_Exercise requirements_: For the records below, please print exactly and only the lines from the one with "I have experienced" down to the one with "这是2月10日,温家宝与企业界代表交谈。新华社记者 刘建生 摄", both ends included, omitting the pictures.

_Exercise material_:
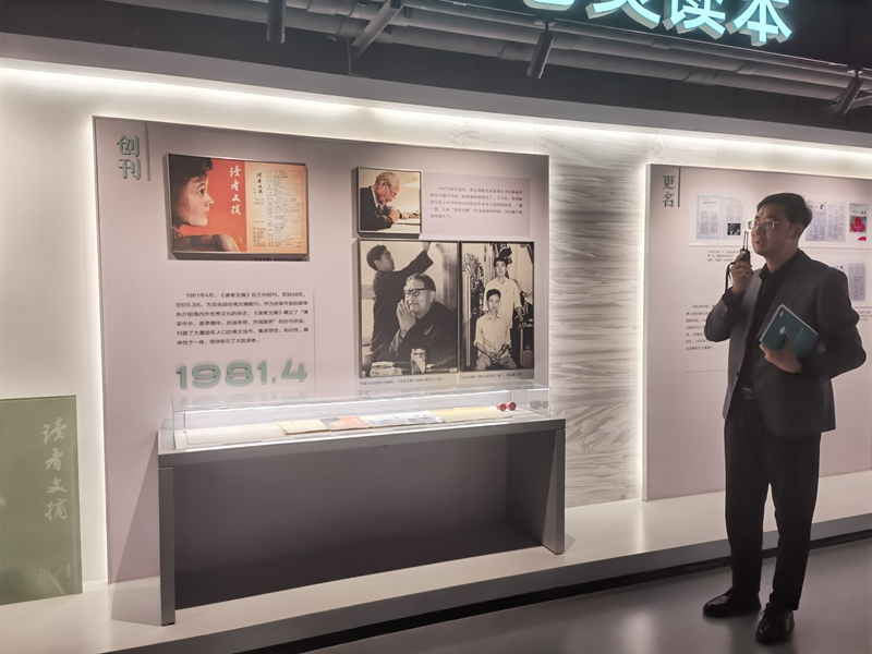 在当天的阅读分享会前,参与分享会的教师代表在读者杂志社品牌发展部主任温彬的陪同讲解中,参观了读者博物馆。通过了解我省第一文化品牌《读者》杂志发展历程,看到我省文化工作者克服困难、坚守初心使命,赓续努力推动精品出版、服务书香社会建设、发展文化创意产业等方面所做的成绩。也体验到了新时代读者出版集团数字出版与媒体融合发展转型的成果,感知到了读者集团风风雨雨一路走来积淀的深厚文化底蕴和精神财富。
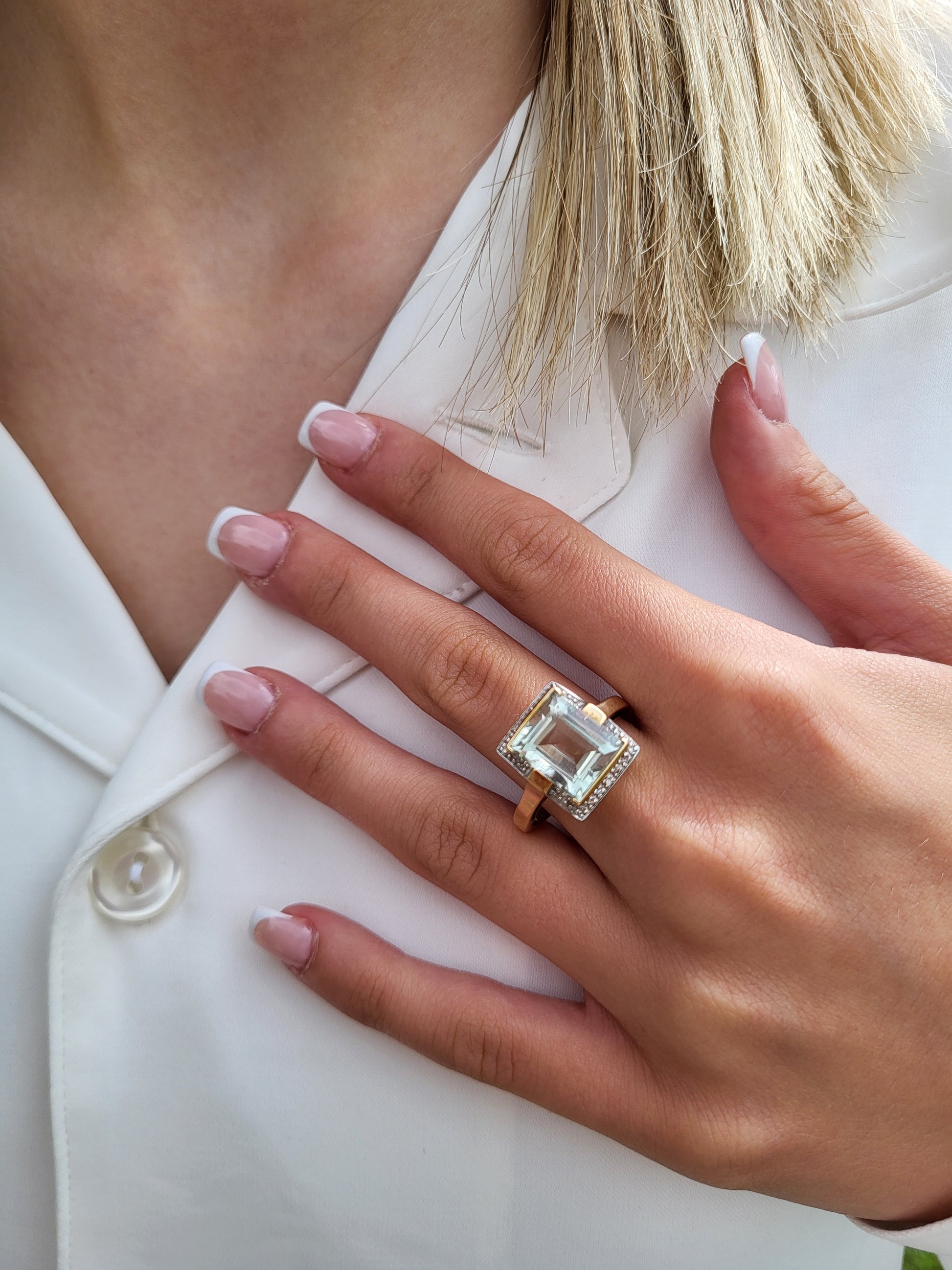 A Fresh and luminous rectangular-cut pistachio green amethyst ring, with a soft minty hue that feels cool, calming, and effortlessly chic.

...

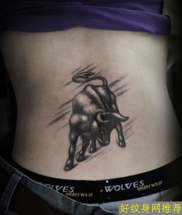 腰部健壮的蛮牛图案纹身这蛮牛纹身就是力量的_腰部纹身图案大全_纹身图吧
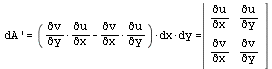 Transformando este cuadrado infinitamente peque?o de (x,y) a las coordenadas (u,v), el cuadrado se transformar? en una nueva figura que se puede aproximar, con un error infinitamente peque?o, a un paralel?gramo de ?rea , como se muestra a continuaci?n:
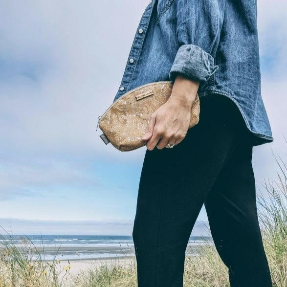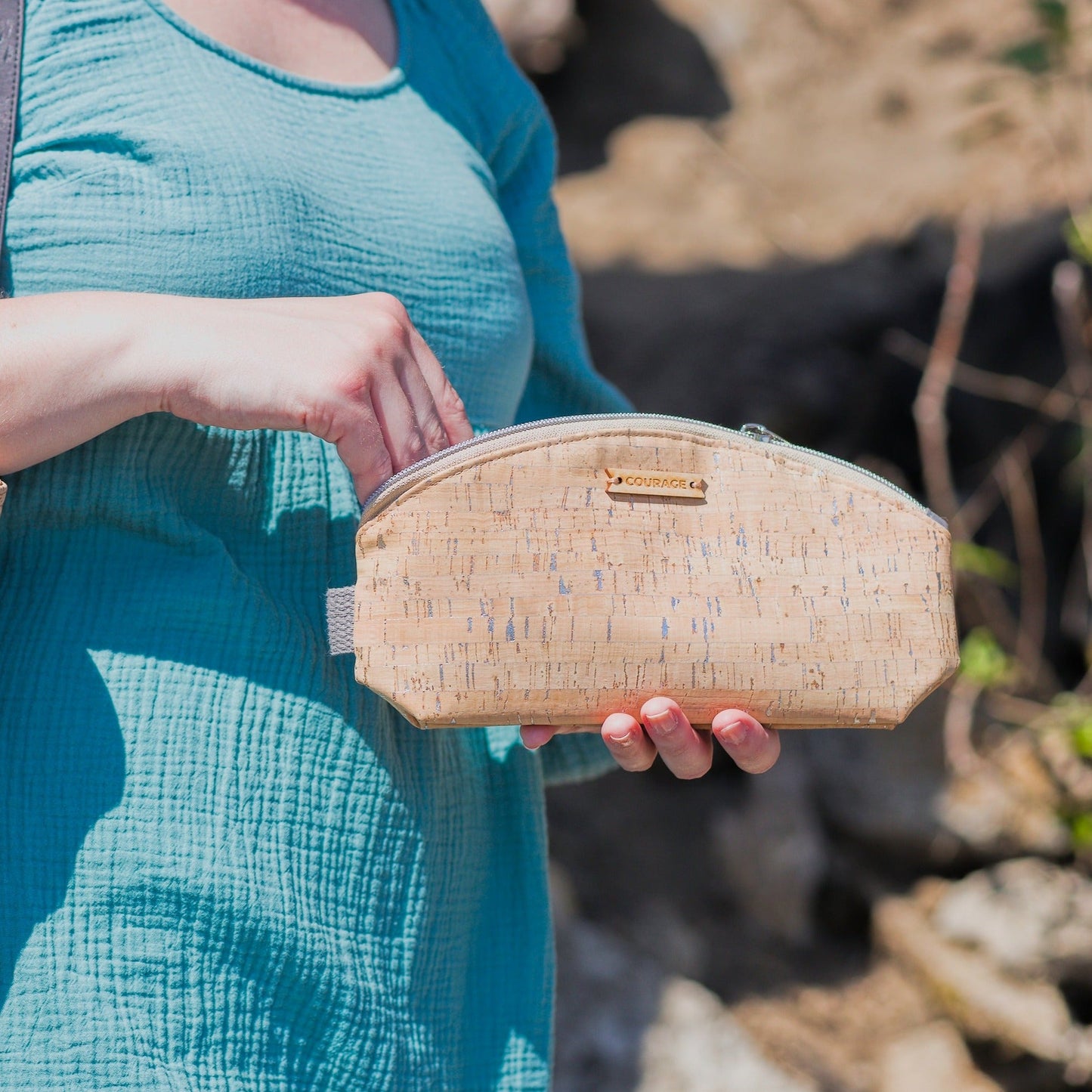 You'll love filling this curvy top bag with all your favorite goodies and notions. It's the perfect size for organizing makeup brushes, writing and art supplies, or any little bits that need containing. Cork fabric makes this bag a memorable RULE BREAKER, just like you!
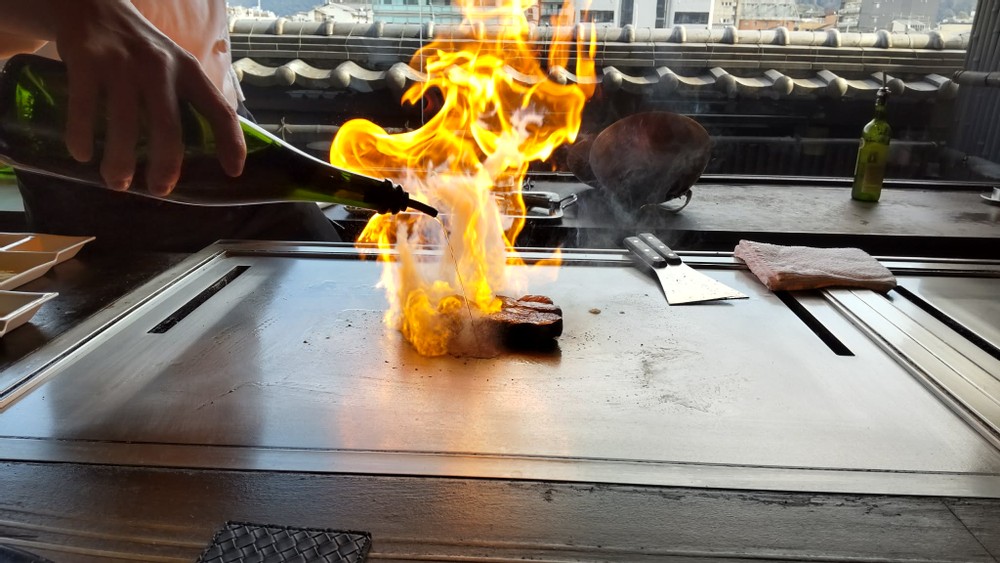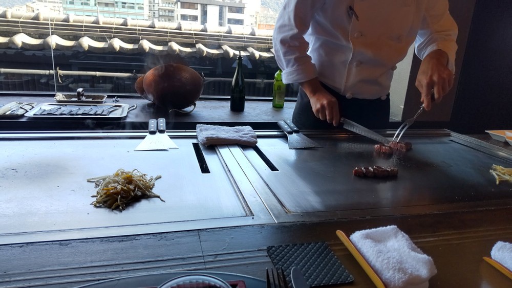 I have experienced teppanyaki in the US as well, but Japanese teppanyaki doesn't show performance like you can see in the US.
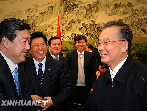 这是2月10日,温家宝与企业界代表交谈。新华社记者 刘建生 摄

_Output below_:
 I have experienced teppanyaki in the US as well, but Japanese teppanyaki doesn't show performance like you can see in the US.
 这是2月10日,温家宝与企业界代表交谈。新华社记者 刘建生 摄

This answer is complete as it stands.